[Start of Attachment]
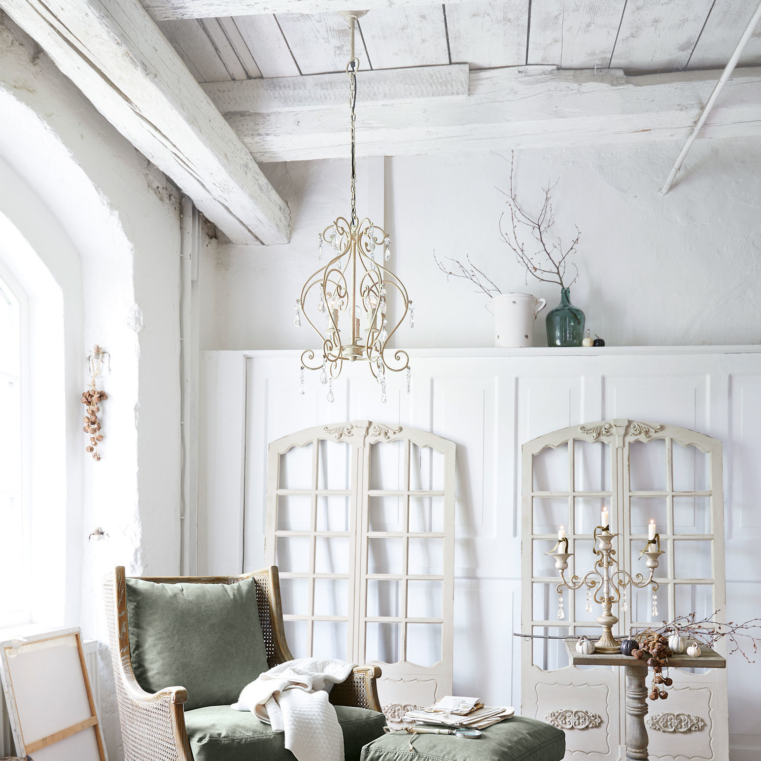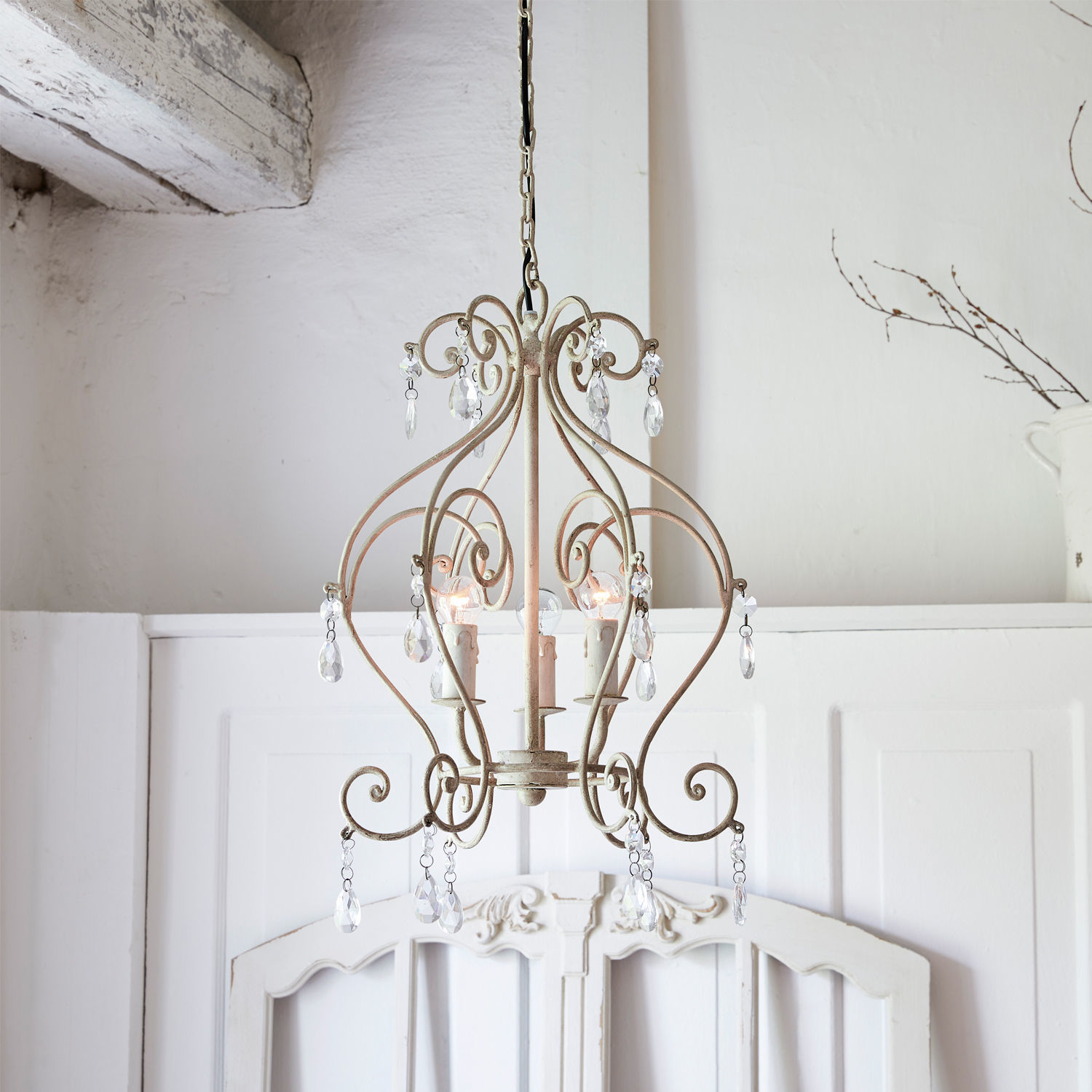 Ein wertvolles Highlight mit beinahe royalem Flair. Der wunderschöne, luxuriöse Leuchter bezaubert mit seinem romantisch geschwungenen Gestell aus Eisen. Dieses zieren funkelnde Glas-Prismen – ein reizendes Extra. Das kunstvolle Design wird mit drei Glühbirnen erleuchtet, sodass Sie eine ausgesucht schöne Lichtstimmung erleben. An den Lampenfassungen befinden sich kleine Tropfenförmchen, die herabfließendes Wachs hübsch nachahmen. Als komme dieser Leuchter aus geraumer Vorzeit und wurde damals, wie üblich, mit Kerzen betrieben. Ein hübsches kleines Detail. Zudem ist das elegante Kunstwerk eine wahre optische Zierde, ob an- oder ausgeschaltet. Es passt hervorragend zum Shabby-Chic und lässt das Herz aller Romantiker höher schlagen. Eine gekonnte Wahl für Wohn- oder Schlafzimmer, an der Sie lange Freude haben werden. Luxus pur mit zartem Charme – ein absolutes Lieblingsstück.
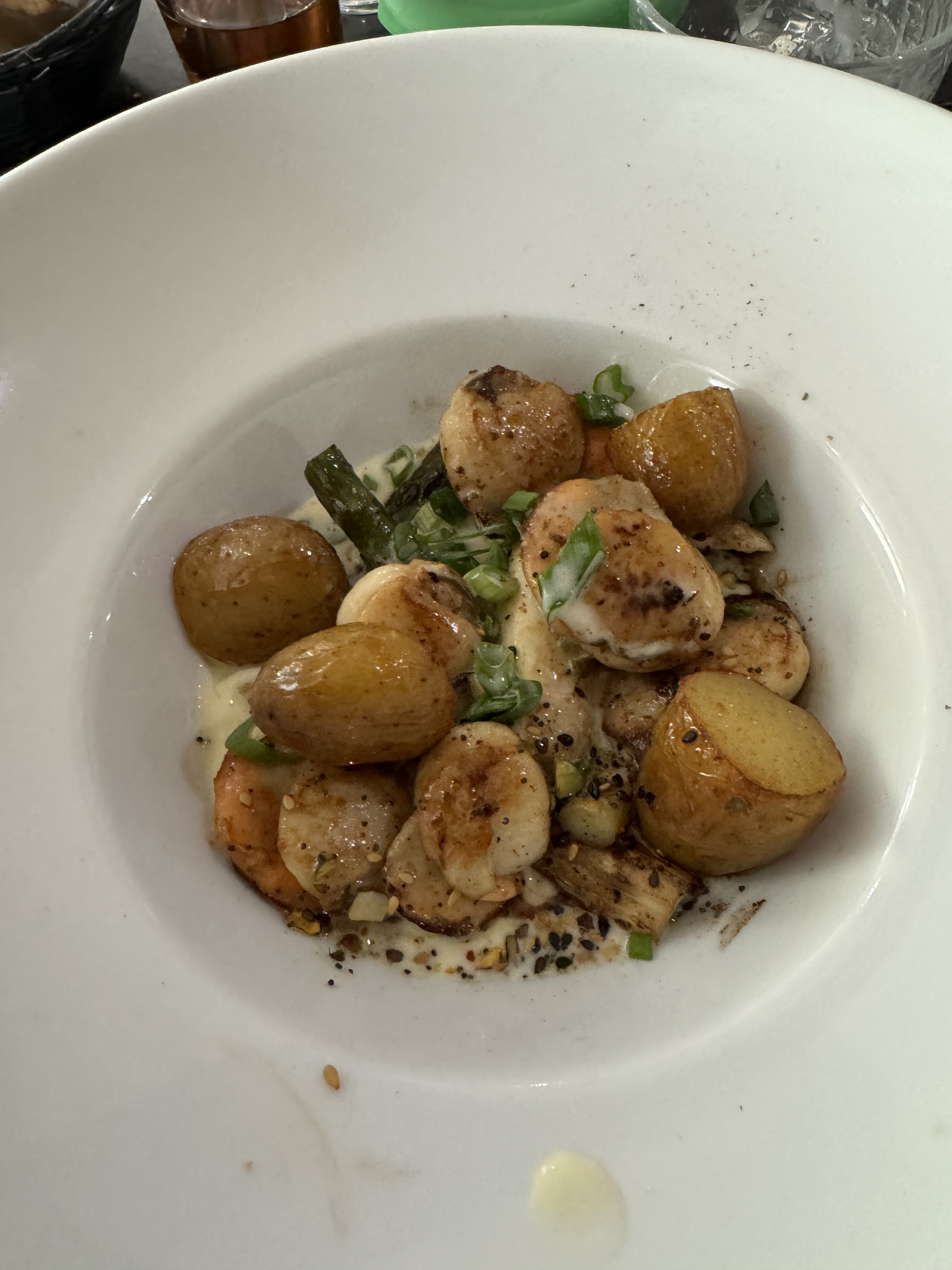 Du lard dans une brochette aux Saint -Jacques ... et bien évidemment ce n’est pas précisé sur la carte. Le morceau de lard était coincé entre les Saint Jacques, dans une sauce à la crème, on aurait dit du thon.. c’est un scandale car je ne mange pas de porc ... j’étais dégoûtée. Lorsque nous avertissons le serveur il nous dit que ce n’est pas la première fois et qu’ils mettent régulièrement du lard ou du jambon dans des plats aux poissons (sans le mentionner sur la carte) .. Mécontents nous en parlons au patron qui nous dit « et alors ? oui on met du lard et alors ? » .... En 2020 ne pas être inclusif à ce point c’est choquant. Par ailleurs, outre les convictions il y a aussi des personnes qui sont allergiques donc c’est très dangereux !! Vraiment dommage car les plats sont excellents sinon
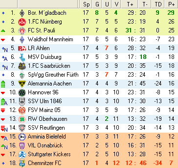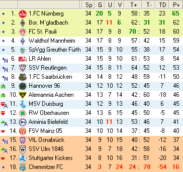 Home » Statistiken » 2000/01 » Tabellen [2. Bundesliga]
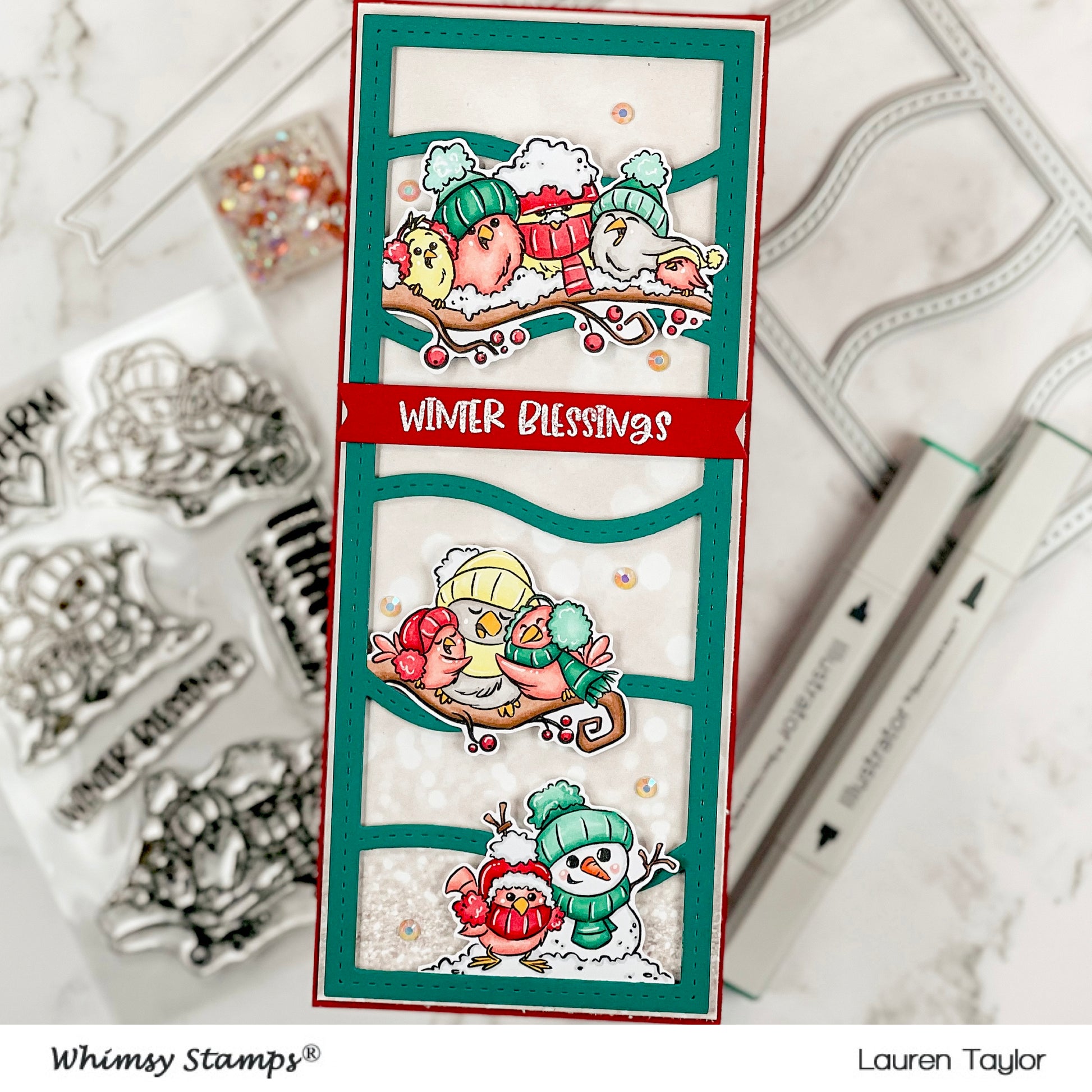 Clearly Whimsy Stamps Collection "Warm Winter Birds" image and sentiment set designed by Krista Heij-Barber for Whimsy Stamps.
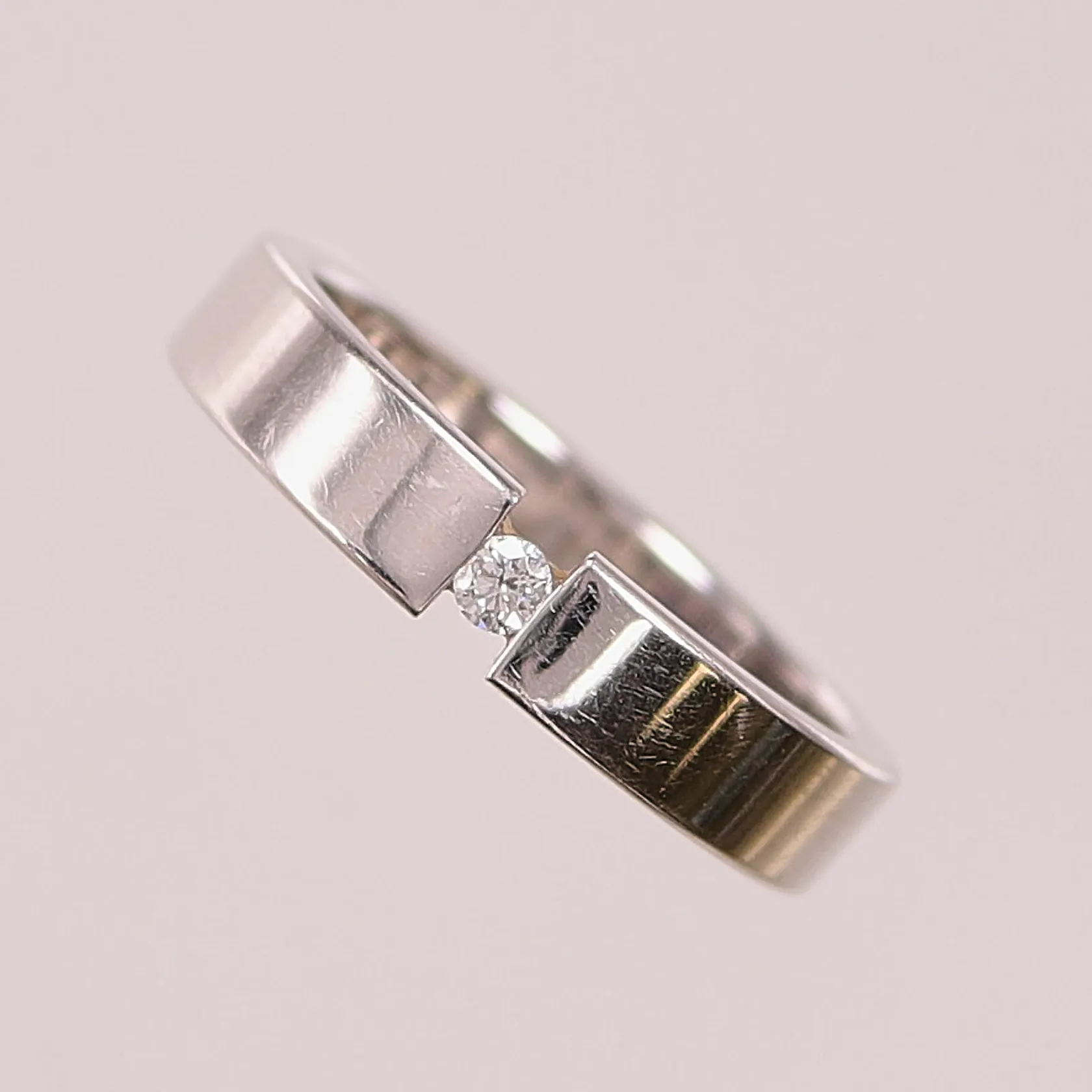 Ring, diamant 0,05ct, Ø17½, bredd:4mm, vitguld, gravyr, 18K 5,9g. Vikt: 5,9 g.
[End of Attachment]
TO DO.
A word-for-word copy of all the data, without pictures, is the expected output.

RESPONSE TO THE EXERCISE.
 Ein wertvolles Highlight mit beinahe royalem Flair. Der wunderschöne, luxuriöse Leuchter bezaubert mit seinem romantisch geschwungenen Gestell aus Eisen. Dieses zieren funkelnde Glas-Prismen – ein reizendes Extra. Das kunstvolle Design wird mit drei Glühbirnen erleuchtet, sodass Sie eine ausgesucht schöne Lichtstimmung erleben. An den Lampenfassungen befinden sich kleine Tropfenförmchen, die herabfließendes Wachs hübsch nachahmen. Als komme dieser Leuchter aus geraumer Vorzeit und wurde damals, wie üblich, mit Kerzen betrieben. Ein hübsches kleines Detail. Zudem ist das elegante Kunstwerk eine wahre optische Zierde, ob an- oder ausgeschaltet. Es passt hervorragend zum Shabby-Chic und lässt das Herz aller Romantiker höher schlagen. Eine gekonnte Wahl für Wohn- oder Schlafzimmer, an der Sie lange Freude haben werden. Luxus pur mit zartem Charme – ein absolutes Lieblingsstück.
 Du lard dans une brochette aux Saint -Jacques ... et bien évidemment ce n’est pas précisé sur la carte. Le morceau de lard était coincé entre les Saint Jacques, dans une sauce à la crème, on aurait dit du thon.. c’est un scandale car je ne mange pas de porc ... j’étais dégoûtée. Lorsque nous avertissons le serveur il nous dit que ce n’est pas la première fois et qu’ils mettent régulièrement du lard ou du jambon dans des plats aux poissons (sans le mentionner sur la carte) .. Mécontents nous en parlons au patron qui nous dit « et alors ? oui on met du lard et alors ? » .... En 2020 ne pas être inclusif à ce point c’est choquant. Par ailleurs, outre les convictions il y a aussi des personnes qui sont allergiques donc c’est très dangereux !! Vraiment dommage car les plats sont excellents sinon
 Home » Statistiken » 2000/01 » Tabellen [2. Bundesliga]
 Clearly Whimsy Stamps Collection "Warm Winter Birds" image and sentiment set designed by Krista Heij-Barber for Whimsy Stamps.
 Ring, diamant 0,05ct, Ø17½, bredd:4mm, vitguld, gravyr, 18K 5,9g. Vikt: 5,9 g.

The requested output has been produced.